▸ Problem requirements:
Exact copies of all the lines below are required, with the pictures omitted.
· · · · · · ·
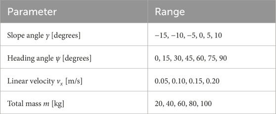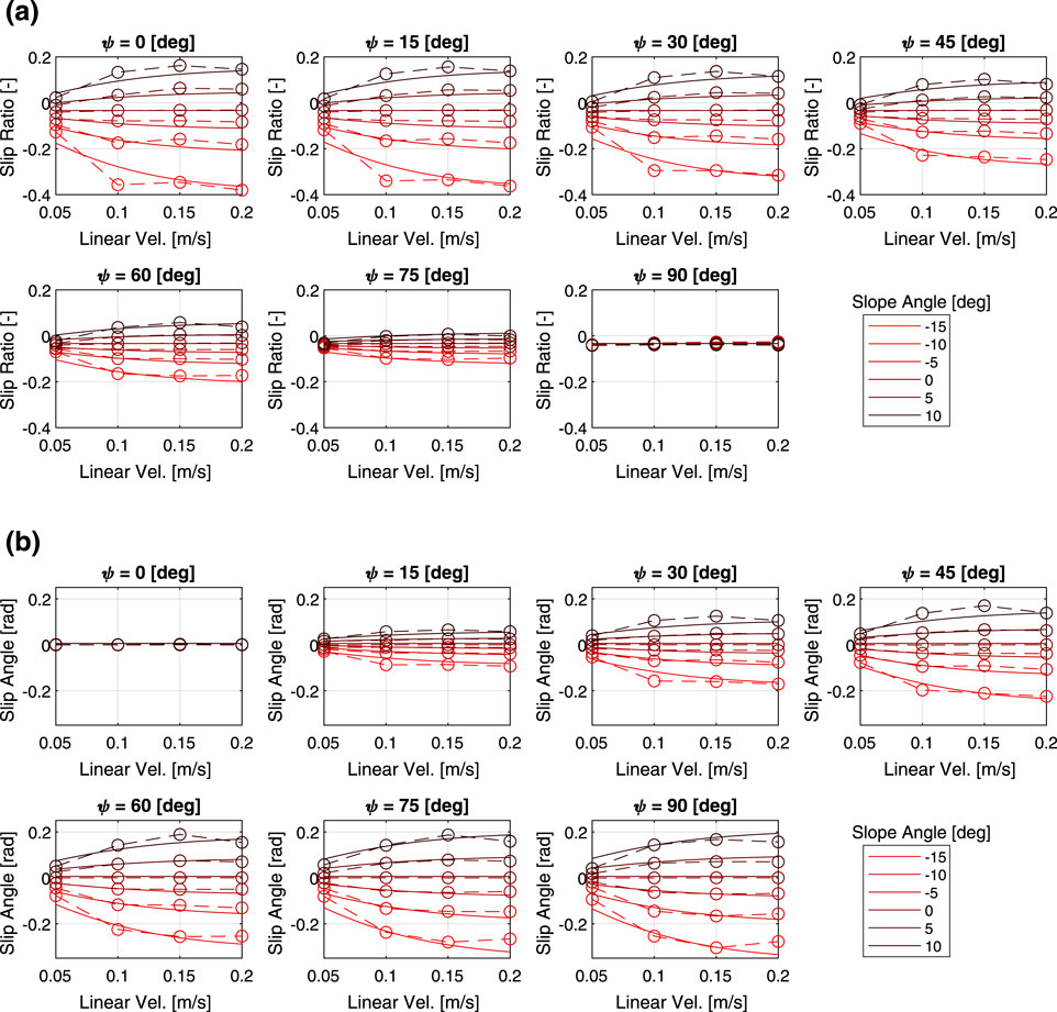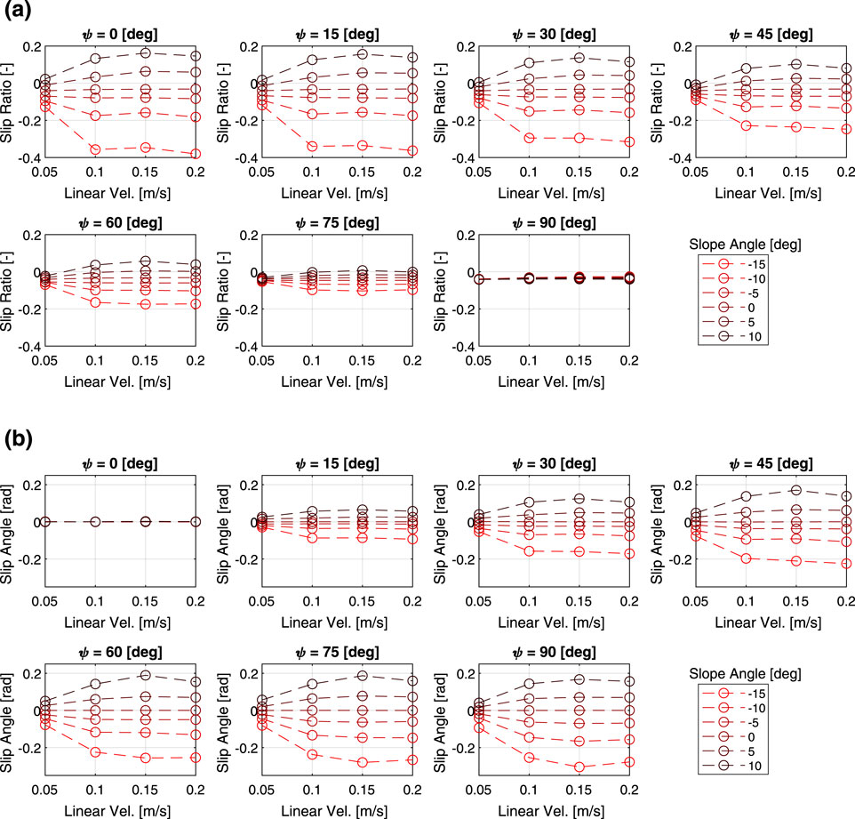 Figure 3 shows the relationship between the slip characteristics and the three parameters of heading angle, slope angle and linear velocity command. Here, the mass is fixed at 60 kg. Regardless of the other parameters, the slip ratio tends to increase as the slope angle increases. The slip ratio increases as the heading angle approaches zero, while the slip angle tends to decrease. The slip ratio and slip angle also tended to change more sensitively with the slope angle as the translational speed increased. In addition, while linear velocity had a large effect on the slippage when the velocity is small, the slippage do not change much when the velocity increases to a certain degree.
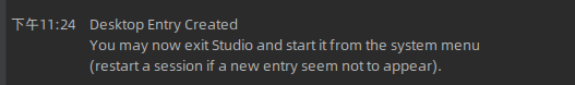Command 'sudo /home/yiem/.cache/Google/AndroidStudio4.1/tmp/create_desktop_entry_.sh' returned 3 Output: xdg-desktop-menu: No writable system menu directory found.
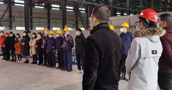 復工第一天,工廠(chǎng)全體員工參與動(dòng)員大會(huì ),明確安全措施,強化工作規范,強調疫情預防注意事項。
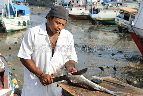 Keywords: Facao, Brachyplatystoma filamentosum, Piraiba, Filhote, Urubu, Horizontal, Cortando, Limpando, Limpeza, Estripando, Estripar, Corte, Mesa, Desmantelar, Molhado, Agua, Mercado Ver-o-Peso, 2011, Belem, Para, Comercio, Venda, Rua, Peixe, Pescado, Residuo, Sujeira |
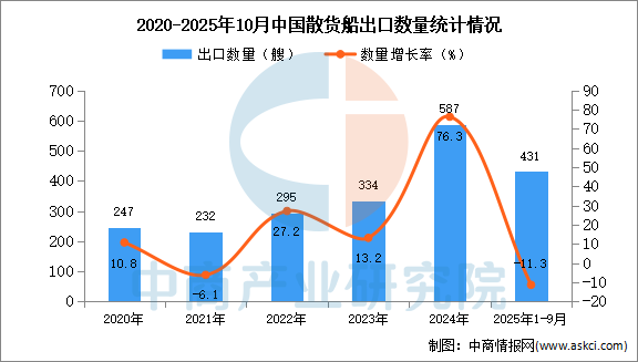 中商情报网讯:据中商产业研究院数据库显示,2024年中国散货船出口量587艘,同比增长76.3%。最新数据显示,2025年1-10月中国散货船出口量431艘,同比下降11.3%。
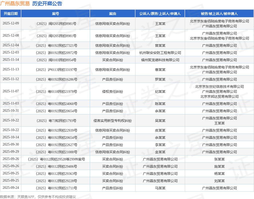 案号:(2025)闽0205民初8981号根据统计,近一年内以广州晶东贸易有限公司为当事人的历史开庭公告有139则,其中案由为“信息网络买卖合同纠纷”的公告以48则居首,其次为“买卖合同纠纷”有32则,“产品责任纠纷”有26则。历史开庭公告(前20条)如下:
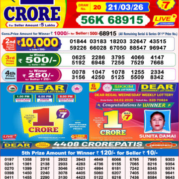 Today the result for Dear Magic Sunday Weekly Lottery Result 8:00 PM 22 03 2026 will be posted here at 8:00 PM.
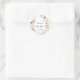 This geometric gold green foliage baby shower favour sticker is perfect for a modern baby shower. The design features hand-painted botanical green and gold foliage with pink, blush, white flowers, adorning an elegant geometric frame.
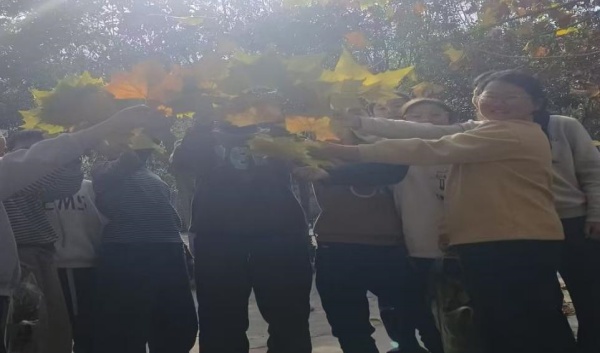 秋日温暖的阳光洒满校园。美景,我们当然不能辜负,于是老师让孩子们放下课本,走出教室的方寸天地,奔赴与秋天的约会。
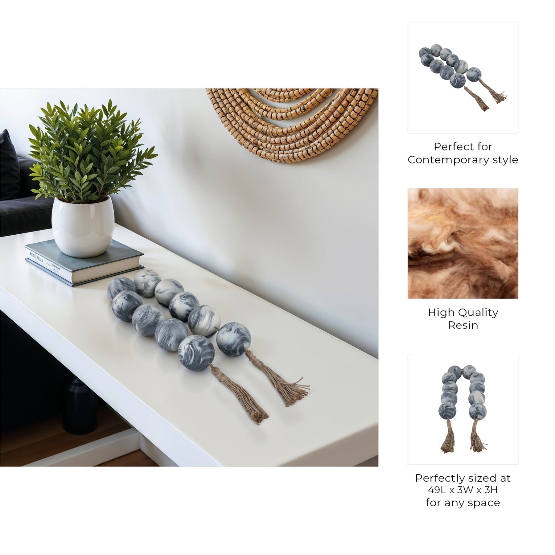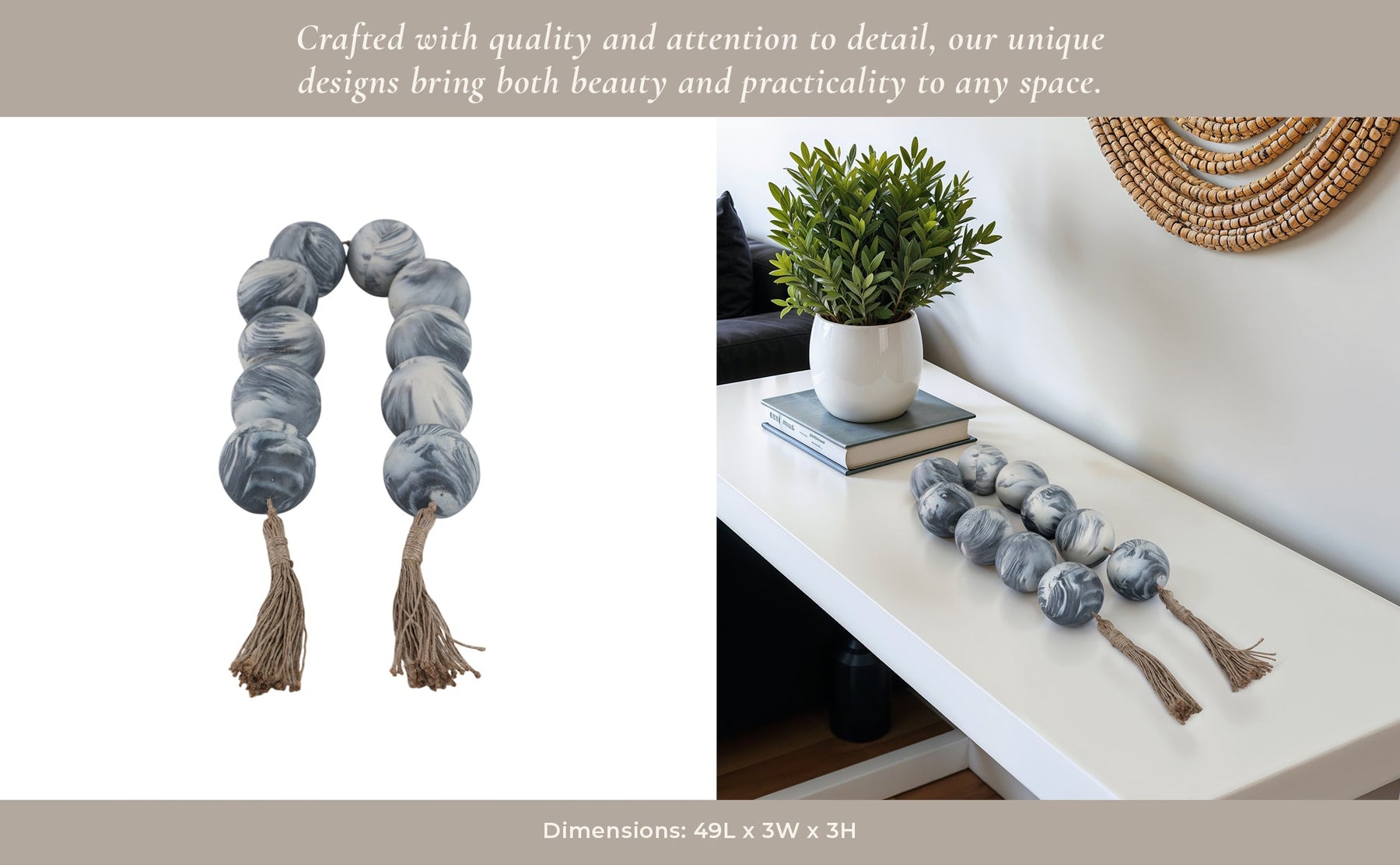 49x3" Marbled Bead Garland, Black/white - Al Rugaib Furniture
· · · · · · ·
▸ Exercise response:
 Figure 3 shows the relationship between the slip characteristics and the three parameters of heading angle, slope angle and linear velocity command. Here, the mass is fixed at 60 kg. Regardless of the other parameters, the slip ratio tends to increase as the slope angle increases. The slip ratio increases as the heading angle approaches zero, while the slip angle tends to decrease. The slip ratio and slip angle also tended to change more sensitively with the slope angle as the translational speed increased. In addition, while linear velocity had a large effect on the slippage when the velocity is small, the slippage do not change much when the velocity increases to a certain degree.
Command 'sudo /home/yiem/.cache/Google/AndroidStudio4.1/tmp/create_desktop_entry_.sh' returned 3 Output: xdg-desktop-menu: No writable system menu directory found.
 復工第一天,工廠(chǎng)全體員工參與動(dòng)員大會(huì ),明確安全措施,強化工作規范,強調疫情預防注意事項。
 Keywords: Facao, Brachyplatystoma filamentosum, Piraiba, Filhote, Urubu, Horizontal, Cortando, Limpando, Limpeza, Estripando, Estripar, Corte, Mesa, Desmantelar, Molhado, Agua, Mercado Ver-o-Peso, 2011, Belem, Para, Comercio, Venda, Rua, Peixe, Pescado, Residuo, Sujeira |
 中商情报网讯:据中商产业研究院数据库显示,2024年中国散货船出口量587艘,同比增长76.3%。最新数据显示,2025年1-10月中国散货船出口量431艘,同比下降11.3%。
 案号:(2025)闽0205民初8981号根据统计,近一年内以广州晶东贸易有限公司为当事人的历史开庭公告有139则,其中案由为“信息网络买卖合同纠纷”的公告以48则居首,其次为“买卖合同纠纷”有32则,“产品责任纠纷”有26则。历史开庭公告(前20条)如下:
 Today the result for Dear Magic Sunday Weekly Lottery Result 8:00 PM 22 03 2026 will be posted here at 8:00 PM.
 This geometric gold green foliage baby shower favour sticker is perfect for a modern baby shower. The design features hand-painted botanical green and gold foliage with pink, blush, white flowers, adorning an elegant geometric frame.
 秋日温暖的阳光洒满校园。美景,我们当然不能辜负,于是老师让孩子们放下课本,走出教室的方寸天地,奔赴与秋天的约会。
 49x3" Marbled Bead Garland, Black/white - Al Rugaib Furniture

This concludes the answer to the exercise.